NEW YORK (AP) — A Chinese billionaire was sentenced to four years in prison on Friday for bribing United Nations officials to buy their support for a proposed U.N. center in Macau that was never built.
Ng Lap Seng, one of China's richest men, had no visible reaction to the sentence imposed in federal court in Manhattan. Before hearing it, he had told the judge he was "full or regret" over his conviction on charges accusing him of paying the U.N. General Assembly president and another ambassador $1.7 million in bribes.
"I want to apologize to the court for all of the trouble my actions have caused," Ng said through an interpreter.
The defense had sought a non-prison sentence for a 69-year-old defendant it described as a devoted family man and philanthropist. But U.S. District Judge Vernon Broderick said he deserved time behind bars plus a $1 million fine, in part because he threw his money around without pausing to consider the consequences.
"Instead, you became more aggressive as time went on," Broderick said.
The judge ruled Ng could remain under 24-hour guard at a Manhattan apartment on $50 million bail until he has to report to prison in mid-July.
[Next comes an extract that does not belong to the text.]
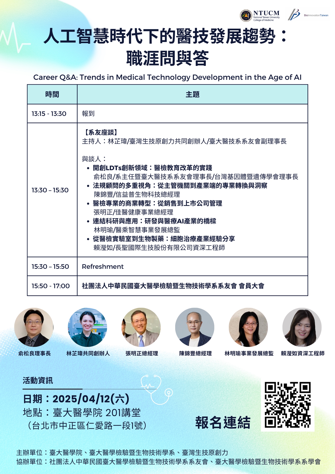 本次座談會邀請到臨床醫學、醫材法規、市場策略、通路行銷等具有醫療產業豐富經驗的專家,以及鏈結產業與學術具有豐富經驗的臺大醫技系專家教授與會討論。在座談會上,將與現場與會人共同對談,探討產業觀察與經驗,帶領醫技人才探索未來職涯。

One of his defense attorneys indicated the sentence would be appealed.
In statement after the verdict, the U.N. said it "had cooperated extensively to facilitate the proper administration of justice in this case, by disclosing thousands of documents and waiving the immunity of officials to allow them to testify at trial."
A jury had found Ng guilty last year of bribery, conspiracy and money laundering — a triumph for prosecutors who navigated thorny legal issues surrounding immunity given to U.N. diplomats before winning the cooperation of suspended Dominican Republic Ambassador Francis Lorenzo.
Lorenzo, who pleaded guilty, testified that Ng initially paid him $20,000. It was boosted to another $30,000 a month in exchange for getting Ng's construction business named on official U.N. documents as the company that would build the Macau center for Southern Hemisphere nations.
Defense lawyers contended the payments were ordinary. They blamed Lorenzo and the other ambassador — U.N. General Assembly President John Ashe of Antigua and Barbuda — for manipulating Ng.
Ashe, who also was arrested in the case, died in 2016 in an accident.